*Your objective:* Before writing anything, find the line that contains "Zimmerman House Today", then retype the entries below exactly from their first line through that one, without pictures.

*The data:*

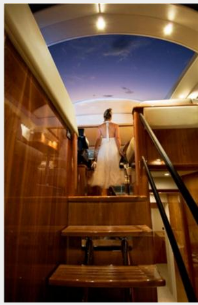
Saloon - Optional Layout
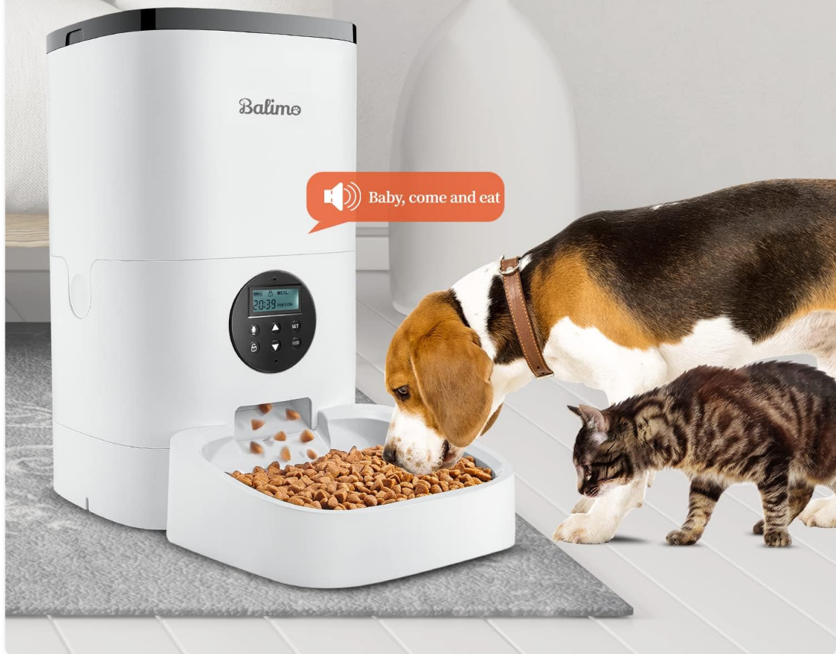
Image 3.1: The Balimo Automatic Pet Feeder in use, demonstrating the 10-second voice recording function to call pets for meals.
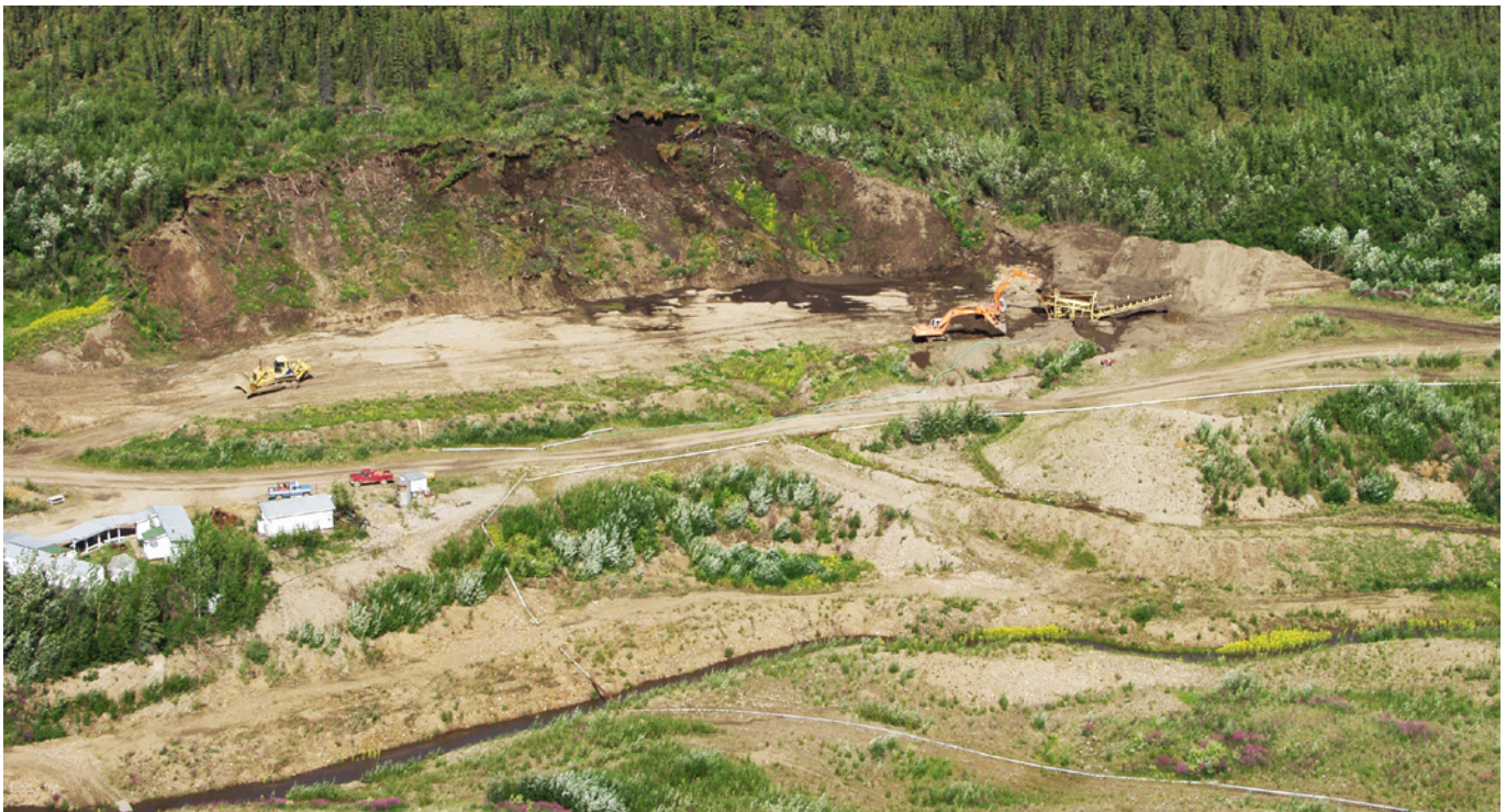
Tri Kay/Hawker mining on left-limit bench of Sixtymile River, 2003.

EQUIPMENT AND WATER TREATMENT Equipment consisted of a Hitachi EX300LC excavator with a 2-cubic-yard bucket for
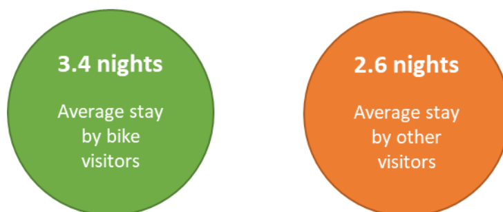
Figure 1 – Average stay length by bike visitors compared to other visitors

Applying an average stay of 3.4 nights to the estimated 176,634 visitors who bike suggests that these bikers spent a cumulative 600,557 nights in Queenstown-Lakes District in the June 2021 year.
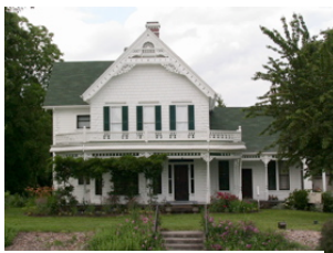
Zimmerman House Today

The Hardy Plant Society of Oregon Elaine Jones Memorial Grant Program has awarded the Zimmerman Heritage Farm a $400 grant! We had requested $930 to prune the pear, cherry and magnolia trees south of the house, and to provide mulch and new garden tools. We'll combine this grant award with the $422.75 proceeds from the May Plant Sale and see how much of this project we can complete this year. We are very grateful to the Hardy Plant Society for their support!
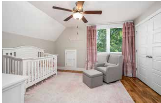
Cute Upper Bedroom with Soffit Storage and Large Closet
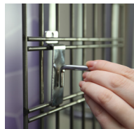
Recommended hook style shown
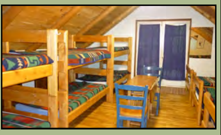
Dorm-style Guest Room
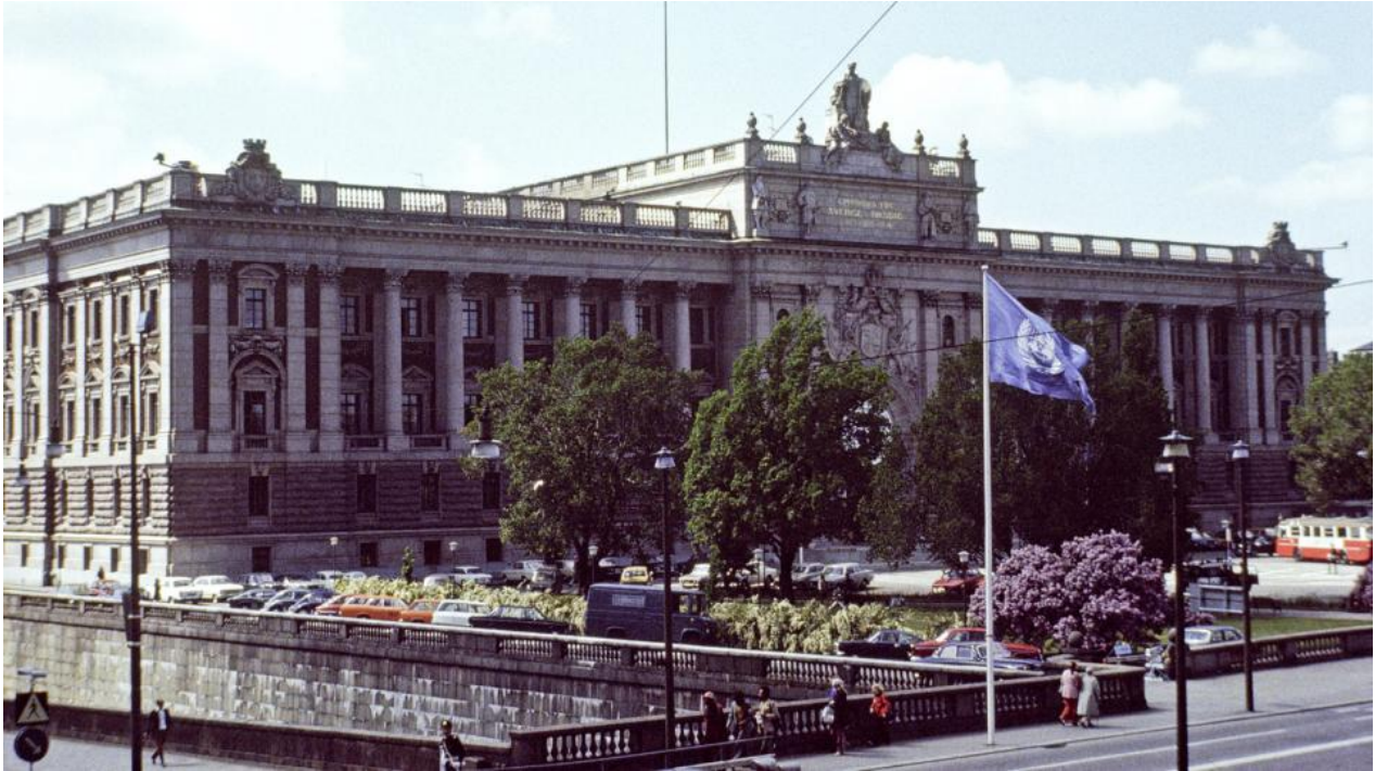
A view of the New Parliament building in Stockholm where some of the conference meetings were being held

*Expected answer:*
Saloon - Optional Layout
Image 3.1: The Balimo Automatic Pet Feeder in use, demonstrating the 10-second voice recording function to call pets for meals.
Tri Kay/Hawker mining on left-limit bench of Sixtymile River, 2003.

EQUIPMENT AND WATER TREATMENT Equipment consisted of a Hitachi EX300LC excavator with a 2-cubic-yard bucket for
Figure 1 – Average stay length by bike visitors compared to other visitors

Applying an average stay of 3.4 nights to the estimated 176,634 visitors who bike suggests that these bikers spent a cumulative 600,557 nights in Queenstown-Lakes District in the June 2021 year.
Zimmerman House Today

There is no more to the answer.